An ultralight airplane may have a wing loading in the vicinity of three pounds per square foot, weigh two hundred and fifty pounds, or so, use an engine of thirty horsepower, or so, have a cruising speed of about sixty miles per hour, and may carry a load, including the pilot, of approximately two hundred pounds.
An even more recent development is a category of aircraft which is intermediate of ultralights and general aviation. Aircraft in this new category weigh fifty to several hundred pounds, more than ultralights, have a cruising speed of ten to seventy miles per hour, or so, more than that of ultralights, and have an engine that has ten to seventy more horsepower than ultralights; and these aircraft will have light utility applications as well as pleasure.
The landing gears of ultralight aircraft have been constructed of a heat-treated material. Little, if any provision has been made to soften landings; although some ultralights have used rubber wrapped around separating members of the landing gear to soften the landings.
There have been several problems with providing shock absorbing struts for ultralights; and the same problems will exhist to almost the same extent with this new, slightly larger, and slightly more expensive type of aircraft.
Ultralights are a pleasure-soaring type of aircraft. They are designed and built for the person who enjoys going up for an hour or two, one or two days a week, when the weather is good.
Since the wing loading is very low, and both the cruising and landing speeds are low, the gust loading is high. Thus, there are many days, in most parts of the world, that the wind is too strong for either ultralights or this new, and slightly larger, aircraft.
Also, with a quite limited cruising speed, it is not practical to attempt to fly long distances; because either a head wind may make ground speed extremely slow; or, by the time the pilot arrives at his destination, the wind velocity may have increased and landing may be hazardous, or flying without instruments and an instrument rating may not be safe.
Therefore, a first problem in designing a shock absorber for these two types of aircraft is that it is necessary to keep the selling price within an acceptable range.
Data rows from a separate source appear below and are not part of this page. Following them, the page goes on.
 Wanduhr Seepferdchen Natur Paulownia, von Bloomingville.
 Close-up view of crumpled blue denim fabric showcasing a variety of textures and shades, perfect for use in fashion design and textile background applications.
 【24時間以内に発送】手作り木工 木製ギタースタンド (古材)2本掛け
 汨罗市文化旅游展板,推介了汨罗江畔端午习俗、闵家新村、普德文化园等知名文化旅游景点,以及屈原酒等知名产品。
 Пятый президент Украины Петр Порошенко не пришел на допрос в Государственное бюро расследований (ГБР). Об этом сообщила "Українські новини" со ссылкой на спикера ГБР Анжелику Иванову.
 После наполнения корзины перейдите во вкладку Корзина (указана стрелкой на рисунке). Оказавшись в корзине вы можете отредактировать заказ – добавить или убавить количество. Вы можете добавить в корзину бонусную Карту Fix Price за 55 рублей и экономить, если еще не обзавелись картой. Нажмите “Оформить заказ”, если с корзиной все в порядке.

Thus, price rules out standard types of aircraft shock absorbers.
A second problem is that of weight combined with price. With all aircraft, weight is a primary concern. However, when it is necessary to consider both weight and cost, the problem intensifies.
One way to eliminate a part of the weight is to eliminate the weight of the oil; and instead, provide an air, or gas, spring, and then also provide shock-absorbing chamber by restricting gas, or air, movement from one chamber to another. Flader, in U.S. Pat. No. 1,528,918, describes such a gas-operated shock absorber for aircraft.
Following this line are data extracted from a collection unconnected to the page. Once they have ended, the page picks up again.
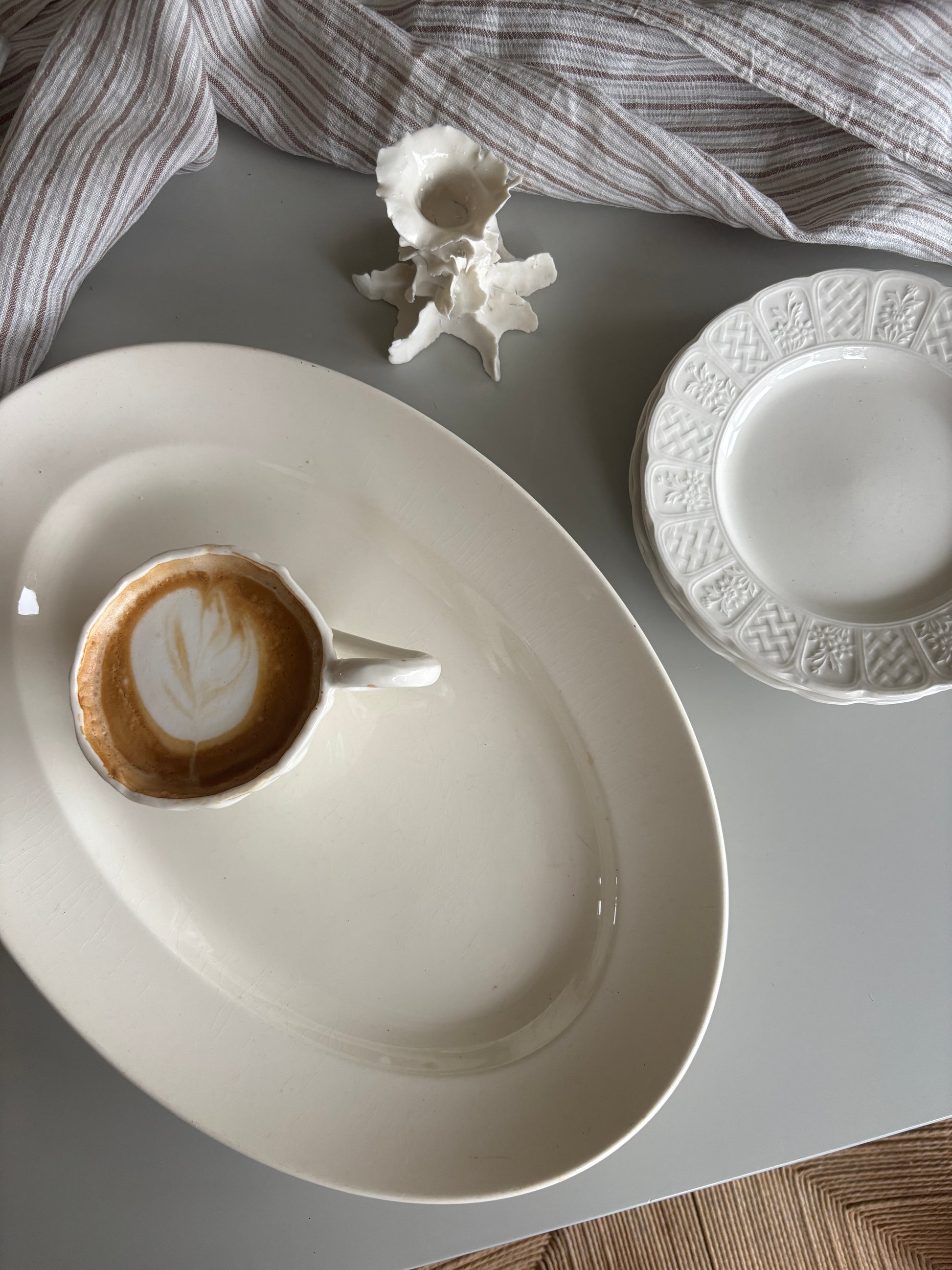 Smukt cremefarvet Aluminia fad, Alma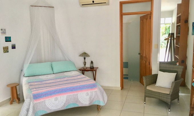 Beautiful, spacious and bright studio with full bathroom and independent entrance. Located a few blocks from the sea in the nicest area of Cozumel, a block from a lovely park, beautiful church and amenities and restaurants around. Very well equipped with all the necessary to have an excellent stay. It has a double bed, with a comfortable chair, hanger for suits and shirts, a table to work or eat, mini fridge, coffee maker, kettle, toaster, blender (smoothie maker) it includes coffee, milk and sugar. Iron, beach towels and bath towels, hair dryer and body lotion and showe gel.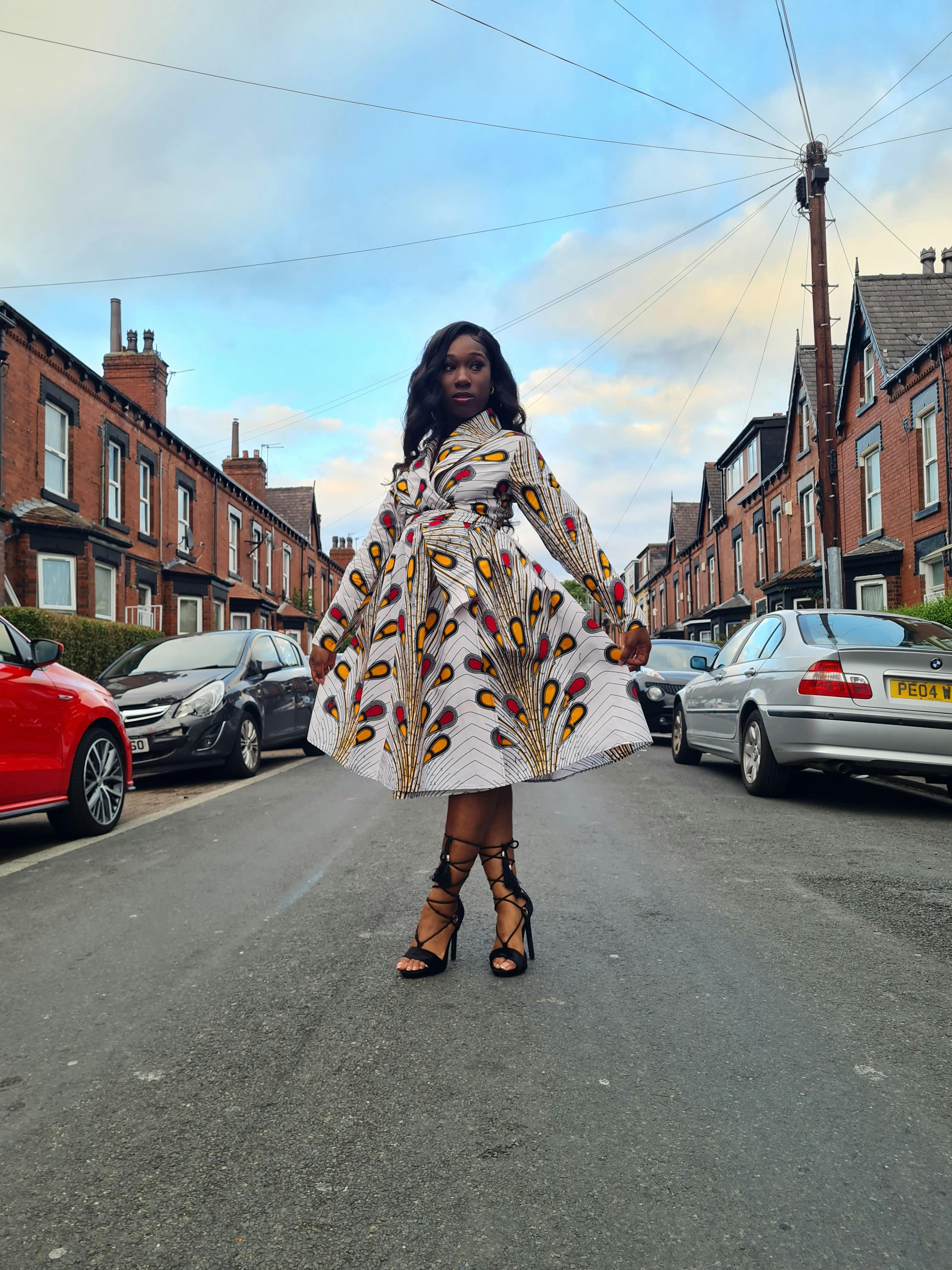 - Mid length dress in a bold African print fabric

It has been a problem to pressurize aircraft shock struts of the type using a gas charge with oil, and of the type using only a gas. Cautley, in U.S. Pat. No. 2,055,248, disclosed a hand pump for increasing the pressure of air from a standard air compressor to the pressure that is required for the shock strut.
More recently, it has been standard practice to pressurize aircraft shock absorbers with an inert gas from a pressurized bottle.
However, the owner of an ultralight cannot be expected to have either a booster pump, as described by Cautley, or a pressurized bottle of inert gas to service his aircraft.
Thus, the prior art does not teach the construction of a shock absorber that meets the requirements of: low cost, light weight, and low charging pressure.